Kelly, in stark contrast, was running a total clusterfuck and what happened was pretty much inevitable.
Yeah. See what a big issue internal resistance can be on multi-string releases, people of varying ages?One thing we learned while flying in saltwater was: Keep the release wet ! If it dried out for an hour or two between tows, salt crystals made the lines quite sticky.
Ya know...If necessary, we would open a bottle of fresh water to wet the release down, check it for function, and then TOW !
A spinnaker shackle...
http://www.flickr.com/photos/aerotowrelease/8305428629/
...isn't an ideal glider tow release but it ain't bad and Wichard was somehow able to engineer it such that it doesn't have issues with saltwater.
And - if you MUST use the three-ring configuration for your release - the thought has NEVER occurred to you to use an ACTUAL...
...three-RING release? Stainless steel rings 'cause you're working in a saltwater environment? But I guess you've established a long track record with your cheap strings crap wearing out the third strings, keeping them wet, dissolving out salt crystals with fresh water, checking function... Proven system that works. Why mess with success? If it ain't broke...

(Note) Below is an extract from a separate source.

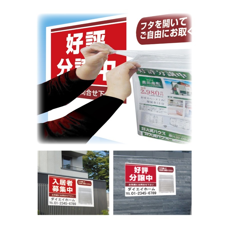 特に、賃貸物件の募集には必須のアイテム。チラシケースが付属しているため、積極的に情報を提供できます。物件詳細や連絡先をすぐに手に取って確認できるので、興味を持たれた方を逃しません。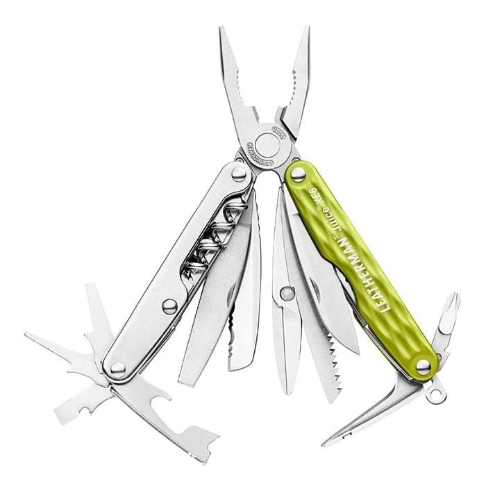 The bright XE6 has it all. Features pliers, wire cutters and four screwdrivers, saw, awl, diamond-coated file, straight and serrated blades, serrated scissors, corkscrew, can and bottle opener and lanyard attachment.

- Fuck experience. You name me one tow crash in the history of the sport that happened because somebody involved was INEXPERIENCED. This game has EVERYTHING to do with COMPETENCE and virtually NOTHING to do with EXPERIENCE. Quest Air and Mission Soaring Center should have removed any vestiges of doubts about that issue on 2013/02/02, and 2013/06/15 respectively.In addition, it should be stressed to all platform commercial operations, no matter how experienced, that crosswind/circular tow patterns are less than ideal, and should be avoided if at all possible.
- Duh.
- And if you need to stress this to all platform commercial operations what is that telling us about all platform commercial operations? Are they really all that fucking superior to us weekend warrior muppets?
- It's ALWAYS *POSSIBLE* to avoid crosswind/circular tow patterns. Nobody ever got scratched as a consequence of NOT launching a hang glider. The idea is to get the fuckin' glider to altitude and nobody needs to be told that if he has the luxury of an environment which allows him one long run straight into the wind he should take it. And if somebody's too fucking stupid to understand the threat of extended wheels in ANY tow operation - let alone circuit or step - how much good do you think you're accomplishing by posting something like this?
- And this was NEVER a circuit tow. It was basically a shortish upwind run with an obtuse 123 degree bend in the middle. The tow driver assumed the tow was over when he still had twenty-three hundred feet of very useable lakebed left straight upwind of him. And the glider kept proceeding in pretty much the same direction until it was overwhelmed by snagged towline tension shortly prior to impact.
And here, again, is your central thesis:
And you haven't been able to cite ONE incident from either your own or anyone else's operation in which a dedicated observer has been of the slightest use.First and foremost: Platform towing without a dedicated observer is just plain stupid.
And mostly clueless. See above.Just my humble opinion.